Rhino conservation projects working with high-tech solutions are coming up against similar barriers. The anti-poaching organization Protect has developed a device that combines heart-rate monitors, GPS tracking devices and tiny video cameras that can be embedded in a rhino’s horn to provide real time surveillance. If a rhino’s heartbeat spikes, or goes flat, rangers know where to send a team. “All these anti-poaching units do a phenomenal job,” says Protect Director Steve Piper. “The trouble is that they have to patrol vast areas. They could be the SAS or the Marines or the Delta Force, but if they don’t know where the action is, what can they do about it?” But in order to be effective, every adult rhino would have to wear a device, says Piper. Otherwise poachers would simply go after the ones without. Even if costs come down low enough to make that possible (working prototypes run in the thousands of dollars), the necessary monitoring infrastructure is likely to be beyond most nations’ capacity.
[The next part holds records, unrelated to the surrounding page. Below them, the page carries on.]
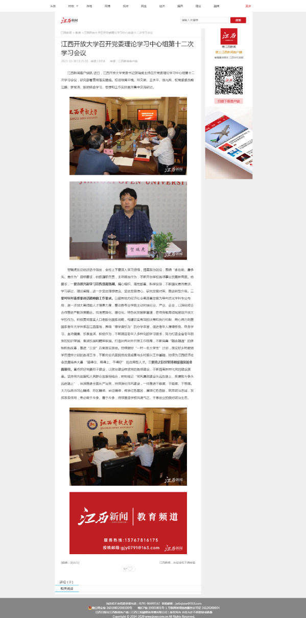 江西新闻:ylzzcom永利总站线路检测召开党委理论学习中心组第十二次学习会议
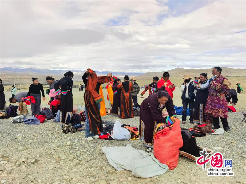 我所说的这场观演之最,应是旅游达人们所难以企及的。譬如,观演现场的海拔约4000米,比滇西北《印象丽江》的演出场地还高了800多米,这或许就是全世界观演海拔之最;演艺舞台以沙土和卵石就地铺筑,不仅大风起兮尘飞扬,就是演员俯身舞台也会带起一身沙土,因陋就简可谓达到极致;从演艺表演看,几十位演员之身姿仪表和举手投足,看不大出专业痕迹,估计应是来自家乡田野的农牧民;演出现场仅有扩音的麦克风,道具和配套设施也不够专业,演员更衣就在露天,演前热身也不避人;作为观演之众既是幸运、也是疲乏,由于演出尚未常态化,能够碰巧遇上实属不易,但没有观众席可以落座,先来后到都要站着围观,时长达到一小时,也很耗氧费神。说了这些,便不难看出,这是一场临时性大于常规性、业余性大于职业性、表演性大于艺术性的乡间文旅演艺。
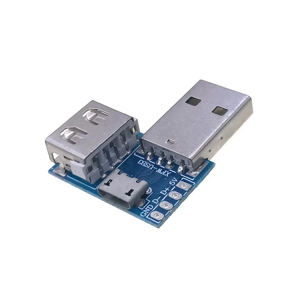 USB アダプタボード 互換2.54-3P USB変換基板 USB-A⇔USB-A(メス)/ microB対応 3ポート接続 DIY電子工作用 変換基板 電源モジュール 電源変換器
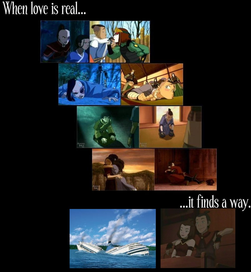 Maybe it's because I watch a lot of Joss Whedon stuff, but from the second I saw Suki and Sokka just having such a loving, functional, canon relationship and being so generally adorkable together, I was just thinking: "Oh, crap. One of them is going to DIE, aren't they."And I'm just so happy neither of them did, you have no idea. Definitely my OTP of the series.

When CITES convenes in Johannesburg next year, South Africa is expected to endorse a one-off lifting of the 38-year-old ban against trade in rhino horns so that it can sell a government stockpile of 21 tons, worth more than $1.36 billion, to invest in rhino protection. Rhino breeders want to take it a step further, legalizing international trade so they can farm rhinos for the horns, like sheep for their wool. They argue that by regulating trade in rhino horn, they can meet Asia’s demand, undercut the poaching syndicates, and cover the costs of rhino security.

For some conservationists, it’s a persuasive argument, simply because nothing else seems to be working. But if desperation leads to the industrial farming of a wild animal, how much, really, has been achieved, asks ecologist Jason Gilchrist at Edinburgh’s Napier University. “Why bother saving the rhino if it isn’t wild anymore?”

According to Mkhabele, the solution has to start with the men who earn a pittance risking their lives to deliver horns to the smuggling syndicates. Every time she questions a poacher, he says he does it because he doesn’t have a job. “They won’t stop unless they run out. After rhinos, they will go for the elephants. After the elephants they will go for other things,” says Mkhabele. In Asia, there is a big market for lion bone. Rumors are swirling in her community that giraffe parts can cure AIDS. “There will always be a reason to poach, until we make people understand that without our animals, South Africa is nothing.” That’s where the Black Mambas come in. They may not be able to stop poachers with pepper spray. But they can stop them with education.